In 2014, WOCAN launched the W+ Standard™, a certification framework and market-based, results-based financial mechanism, which rewards projects that combine climate action with women’s empowerment. Projects are independently verified, and the results are translated into W+ credits, which can be sold to corporates, investors, public institutions or individuals with at least 20% of the revenue from unit sales going to local women’s groups. Gurung notes: “monetising social outcomes” is a way to provide women with an alternative revenue stream while unlocking new investment in climate projects that promote gender equality.
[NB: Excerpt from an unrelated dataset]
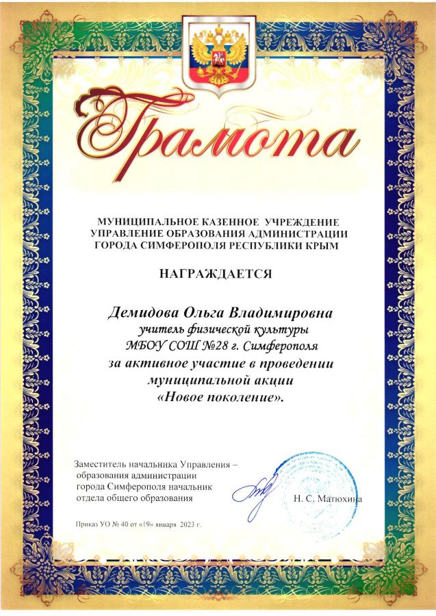 Муниципальное бюджетное общеобразовательное учреждение «Средняя общеобразовательная школа №28 им. С.К. Беспалова» муниципального образования городского округа Симферополь Республики Крым

The proof of concept was demonstrated in an award-winning  project — a biogas project in Nepal, where the WOCAN team measured time savings for 7,200 women who accessed electricity and clean energy. “The resulting time-saving and revenue women obtained from the sale of W+ credits provided them with opportunities to pursue income generation and implement climate adaptation activities.” The project developers — who were measuring and selling carbon credits — hadn’t considered this impact on women’s lives. Since then, over 18 projects have generated  four million W+ credits, available for sale. “This is a win for the women, a win for the project developers and a win for the buyers of W+ social impact credits,” concludes Gurung.